During the course of that day, the storyteller asked his father what he found most meaningful in life. The professor didn’t say it was his job or his relationship with his lover. Nor did he say, as the son was hoping, that it was his children. He said it was this project in which he was involved: maintaining the Web site, attempting to contact extraterrestrial intelligence, extraterrestrial life—or at least to find evidence of its existence.

The son said he realized then the depth of his father’s discontent. His father hadn’t found meaning in conventional life—home, family, and job. Nor, apparently, had he found it in his middle-age fling. Now, this intelligent, rational, educated man was screening wisecrackers and lunatics in the search for aliens, hoping to fill the hole in his soul by finding evidence that the immense universe around our little world isn’t simply fire and dust and empty space.

I’m sympathetic with the son who was hoping to connect with his father, to receive some affirmation from him.

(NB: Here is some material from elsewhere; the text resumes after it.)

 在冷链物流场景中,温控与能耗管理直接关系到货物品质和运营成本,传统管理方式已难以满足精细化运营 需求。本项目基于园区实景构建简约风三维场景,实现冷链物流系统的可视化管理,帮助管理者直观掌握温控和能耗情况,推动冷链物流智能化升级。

But I’m sympathetic with the father too—with his search for meaning. I think that most people would admit that when they’re not muffling their thoughts with work and socializing and entertainment, the question arises: Isn’t there more to life than this—a few years of mixed struggle and pleasure, and then deterioration and death?

Relationships—family and friends—provide some meaning. And so do acts of service. But what’s the point of producing new beings or smoothing the road for other people when, despite our best efforts, they’ll all eventually go the way of all flesh?

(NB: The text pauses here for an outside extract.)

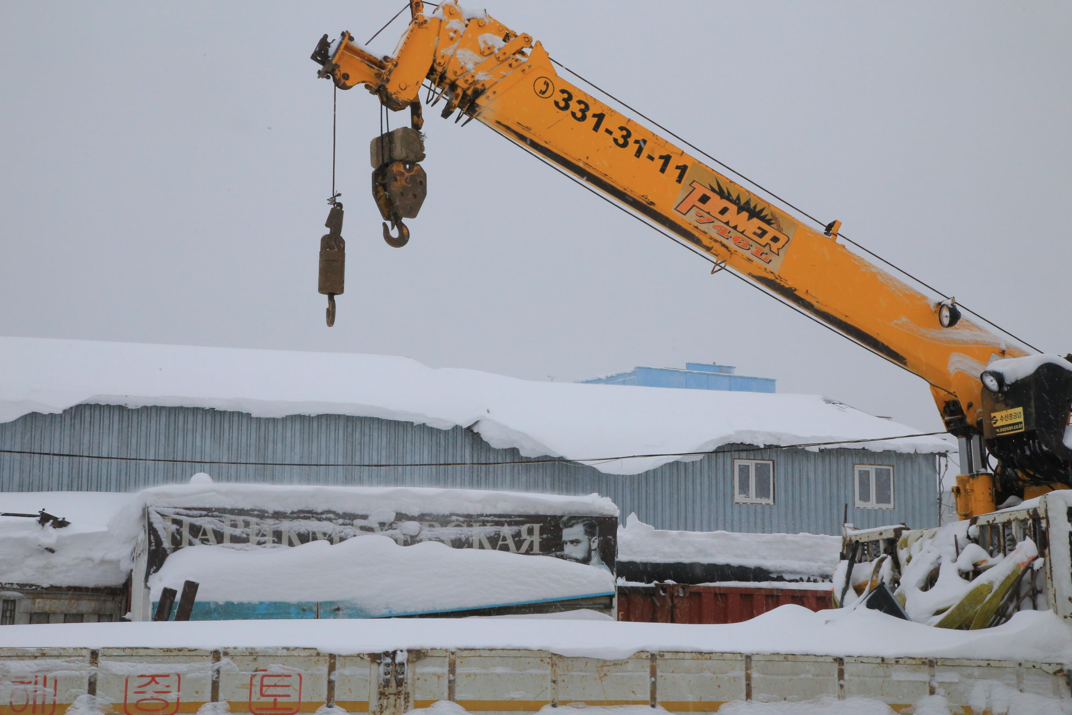 Грузовой контейнер подцепляют, как рыбу на крючок. Улов на этой площадке у Гусинобродского шоссе — богатый: таких объектов — полторы сотни, а ещё около 50 киосков и павильонов. Стоят они на этом участке незаконно. Сюда контейнеры и киоски привезли, когда рядом работал вещевой рынок и старые правила допускали такое использование городской земли. Это — со слов человека, который называет себя собственником контейнеров.

The Gospel of Mark points, in a rather cryptic way, to Christianity’s strongest argument that life has larger dimensions than we typically see. Mark wrote that on the Sunday after the crucifixion, a group of women went to Joseph’s tomb to anoint Jesus’ body with spices. An angel there told them the tomb was empty—Jesus was resurrected. The women, Mark wrote, "went out and fled from the tomb, for terror and amazement had seized them; and they said nothing to anyone, for they were afraid" (Mark 16:8, NRSV).

Mark doesn’t write of their relief. Nor happiness. Nor rejoicing. "Terror and amazement seized them;…for they were afraid"!

Why this reaction?

William Lane notes that Mark consistently portrayed people who witnessed God’s direct intervention on earth as reacting with fear (see 4:41; 5:15, 33, 36; 6:50; 9:6, 32).3 In other words, terror seized these followers of Jesus because they realized that they were witnesses to something much bigger than they’d ever before experienced. Now they knew for sure that the supernatural had broken into their world, and all they had believed about life must change.

What does God’s intervention say to us? It says that life can extend beyond the tomb. That’s nice, but it’s not enough. In fact, the thought of eternal existence would simply add to our distress if that existence had no meaning.

But Jesus’ resurrection does more than merely promise us eternal life. It tells us that we’re not alone in the universe. Beyond that, it means the universe isn’t inhabited just by other finite beings like ourselves. It means that there is an omnipotent God.

This God of the resurrection is also the God of creation. He made us. He did so on purpose. And by finding and fulfilling his purpose for us, we can find meaning for our lives—both now and throughout eternity.

What are your thoughts on the Sabbath School lesson this week? Click here to visit Spectrum’s Message Board, where you can register, enter one or more ongoing forums, and exchange thoughts with others from throughout the world.

Notes and References

1. I’ve tried to reproduce this story accurately. I couldn’t find a transcript of the broadcast.
2. Unfortunately, of course, this man turned out to be just another crazy who was slightly more convincing than the others who’d responded.
3. William L. Lane, The Gospel According to Mark, The New International Commentary on the New Testament, ed. F. F. Bruce (Grand Rapids, Mich.: Eerdmans, 1974), 590. In fact, Lane believes Mark ended his Gospel with this verse. He says this ending “leaves the reader confronted by the witness of the empty tomb interpreted by the word of revelation. The focus upon human inadequacy, lack of understanding and weakness throws into bold relief the action of God and its meaning” (592). (As most modern versions note, the oldest manuscripts of the Gospel of Mark end with verse 8.)